In [1]:
from anything_vae import (
    ResnetBlock2D,
    SelfAttention,
    Downsample2D,
    Upsample2D,
    DownEncoderBlock2D,
    UpDecoderBlock2D,
    UNetMidBlock2D,
    Encoder,
    Decoder,
    # AutoencoderKL,
    # VGGPerceptualLoss
)

import os
import torch
import torch.nn as nn
import torch.nn.functional as F
import torchvision
from torchvision.models import vgg16
from torch.utils.data import Dataset, DataLoader
import pandas as pd
from torchvision import transforms, models as torchvision_models
from pytorch_lightning import LightningModule, Trainer, loggers, callbacks
# import pytorch_lightning as pl
from torchmetrics import MeanSquaredError
from PIL import Image

import torch
from torch.utils.data import DataLoader
import torch.optim as optim

  from .autonotebook import tqdm as notebook_tqdm


In [2]:
class ColorizationDataset(Dataset):
    # data
    def __init__(self, data_folder, data_csv, transform=None):
        """
        Args:
            input_dir (string): Directory with all the input images.
            output_dir (string): Directory with all the target (color) images.
            transform (callable, optional): Optional transform to be applied on a sample.
        """
        self.data_folder = data_folder
        self.data_path = os.path.join(data_folder, data_csv)
        self.images = pd.read_csv(self.data_path)
        self.transform = transforms.Compose([
            transforms.Grayscale(num_output_channels=3),  # Convert grayscale to RGB by replicating channels
            transforms.ToTensor()  # Convert images to PyTorch tensors
        ])
        self.tranform_output = transforms.Compose([transforms.ToTensor()])
        
    def __len__(self):
        return len(self.images)

    def __getitem__(self, idx):
        sketch, colored = self.images.iloc[idx]
        sketch_image = self.transform(self.__loadImage(sketch))
        colored_image = self.tranform_output(self.__loadImage(colored))
        return sketch_image, colored_image

    def viewImage(self, idx):
        sketch, colored = self.images.iloc[idx]
        return self.__loadImage(sketch), self.__loadImage(colored)

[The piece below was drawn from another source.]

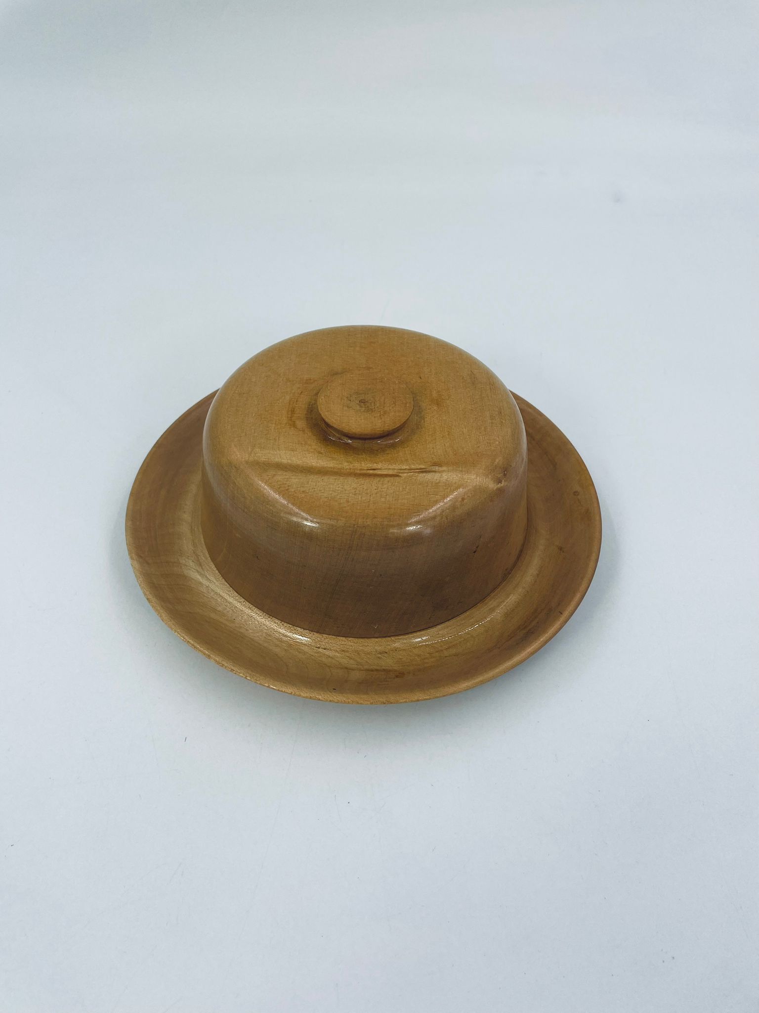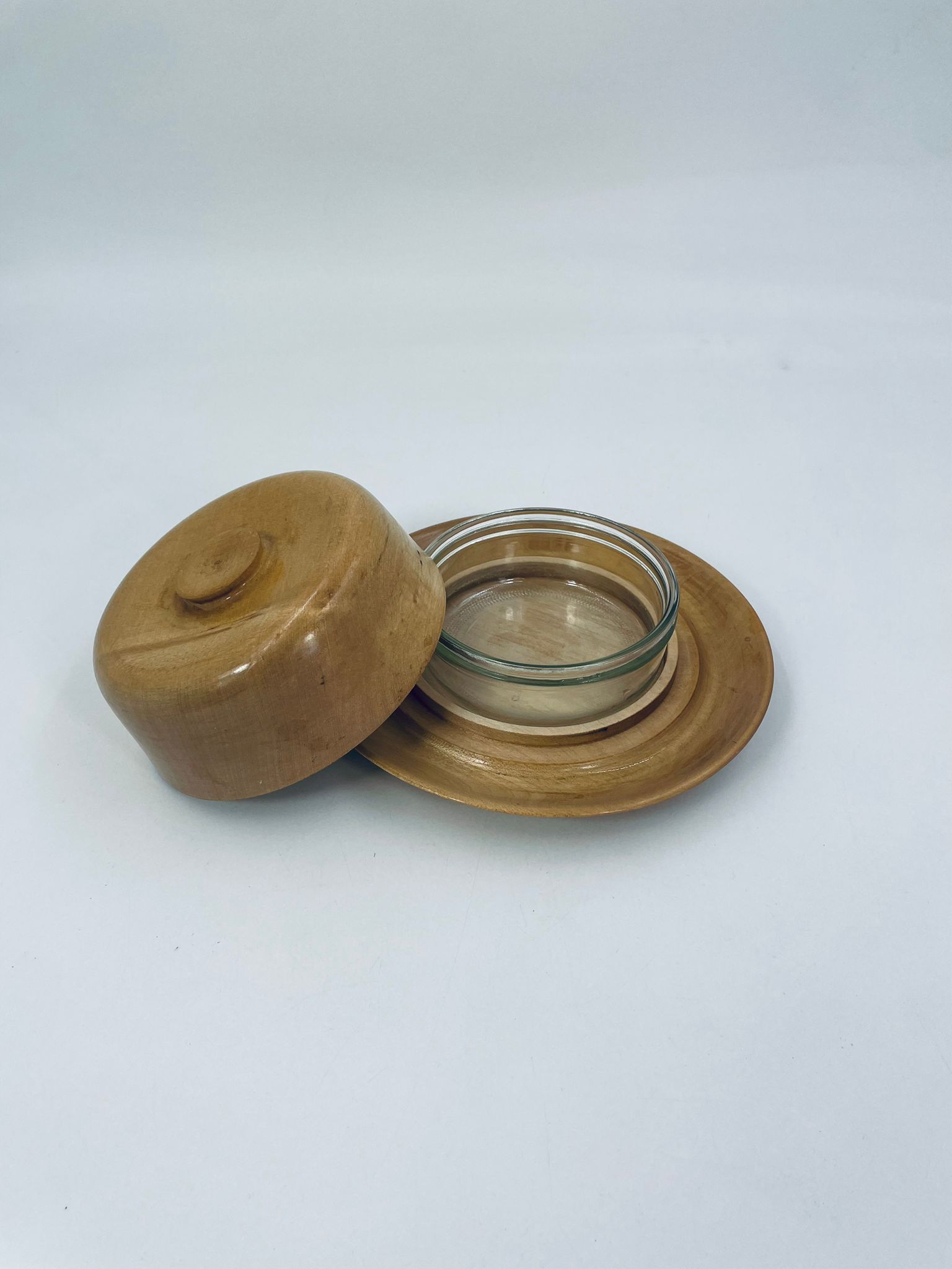 Vintage style wooden butter churn, consisting of a glass butter container, wooden base and cover. Wood in a light shade of brown.

    def __loadImage(self, image_path):
        return Image.open(os.path.join(self.data_folder, image_path))


In [3]:
class VGGPerceptualLoss(LightningModule):
    def __init__(self, vgg_model):
        super().__init__()
        self.vgg = vgg_model
        self.criterion = nn.MSELoss()
        self.features = list(self.vgg.features[:16])
        self.features = nn.Sequential(*self.features).eval()
        
        for params in self.features.parameters():
            params.requires_grad = False

    def forward(self, x, y):
        return self.criterion(self.features(x),self.features(y))

In [4]:
class Colorizer(LightningModule):
    def __init__(self):
        super(Colorizer, self).__init__()
        self.encoder = Encoder()
        self.decoder = Decoder()
        self.quant_conv = nn.Conv2d(8, 8, kernel_size=1)  # Output 4 channels from quant_conv
        self.post_quant_conv = nn.Conv2d(4, 4, kernel_size=1)  # Expect 4 channels here
        vgg_model = vgg16(weights=True)

        self.loss_fn = VGGPerceptualLoss(vgg_model)
        self.mse_loss_fn = nn.MSELoss()

        self.hparams.learning_rate = 0.00001


    def encode(self, x):
        h = self.encoder(x)
        h = self.quant_conv(h)  # h: [batch_size, 8, H, W]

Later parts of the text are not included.